Yes, I am still totally obsessed with crochet! After finalizing the winter portion of my 2016 blanket, I decided to try a few smaller projects. The goal was to try out some new stitches, and to see if I could make something a bit more practical than a couple square coasters.
My first project was a Ravenclaw scarf for Jenna as part of a book swap. I expected the scarf, which was six feet of sand stitch, to take a long time to make, but this ended up being a super fast project, taking less than a week to finish. The sand stitch turned out to be both easy and beautiful! One thing I discovered, though: this was not my favorite kind of yarn. It was rougher than I think a scarf should be, and despite my two skeins of blue yarn being from the same lot, there was a slight color difference between the two. One half of the scarf looks a bit lighter than the other, grr. Jenna told me she loves the scarf, and I’m glad, but there’s part of me – the perfectionist part – that wishes I could have made it just slightly better for her!! Still, it was pretty, it was fun, and I enjoyed making it for her.
Next up, I decided to try my first attempt at using an actual pattern. With my blanket and the scarf, I designed my own, and it was all just straight lines, no increasing or decreasing or fancy stuff. I have two books of crochet that Jason and my friend Stephanie gave me over Christmas, and I chose the above hat to work on next. I found a softer, smaller yarn, one that would be lighter (for Texas winters), and got to work. And while the beanie was a bit more complicated – especially that edging – it turned out so well! I actually wore this to Library Palooza, and will definitely be wearing it next time it gets cool enough out again (it’s currently in the 80s).
These projects made me even more excited about the possibilities of what I could do, so I tried a slightly more difficult project, which used a few techniques and stitches I hadn’t yet attempted. My stepmom’s birthday was coming up, and I wanted to make her a water bottle holder for when she’s on long walks or hikes. Additionally, I wanted it to be big enough to serve as a gift wrap for a nice bottle of red wine, which both she and my dad enjoy. My yarn choices were limited, and I wanted a color she loved, so I ended up with a very soft baby yarn that, admittedly, was super difficult to use. The result was nice, though, and she loved it, too!
And, I’ll admit, I loved the project so much that I went on to make two others, using a different (easier) yarn choice. The smaller one is for my mother at Mother’s Day (good thing she never gets online!), for the ever-present water bottle she carries with her, and the larger is for me for long hikes. To give an idea of how different the yarns were to use, what took two days in purple took less than two hours in each of the others…

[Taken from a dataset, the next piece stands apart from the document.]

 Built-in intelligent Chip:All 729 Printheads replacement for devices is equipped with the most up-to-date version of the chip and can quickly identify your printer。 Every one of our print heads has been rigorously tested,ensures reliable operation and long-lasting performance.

After that, I decided to learn some more advanced, raised stitches. I had so much more bronze-gold yarn from the Ravenclaw scarf, and this was only meant to be a practice, so I decided to make a posted-stitch hat with it (which, heh, still didn’t use up the yarn). I didn’t expect anyone to actually use this hat, but when I was done, Laurence fell absolutely in love with it. Sure, kid, it’s yours!
I’m off to a longer-term project now, which will likely take a few weeks, probably ending just in time to start the spring section of my 2016 blanket. In the meantime, I’ve learned a few things about crochet:
- Type and quality of yarn is super important.

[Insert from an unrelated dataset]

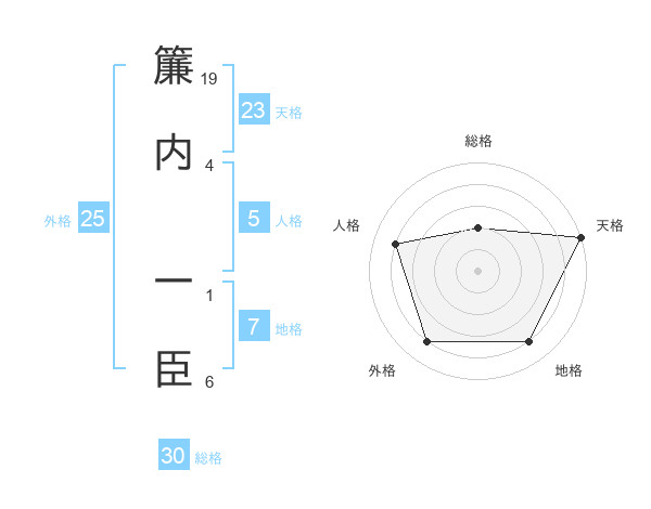 簾内 一臣さんを姓名の画数から五運を鑑定

- Some of those fancy, pretty stitches are deceptively easy in practice.
- Crochet is so much more versatile than I expected, and takes far less time than I thought.
- I hate starting projects with that “magic circle” thing.
- It’s okay to modify a pattern to fit your needs.
- If you crochet too long too often, you start getting sore along your shoulder and back, not to mention hands and wrists!
- Audiobooks are the perfect accompaniment to crochet projects.
Til next time!
**All patterns, except for the scarf, from One Skein Wonders (adapted where necessary).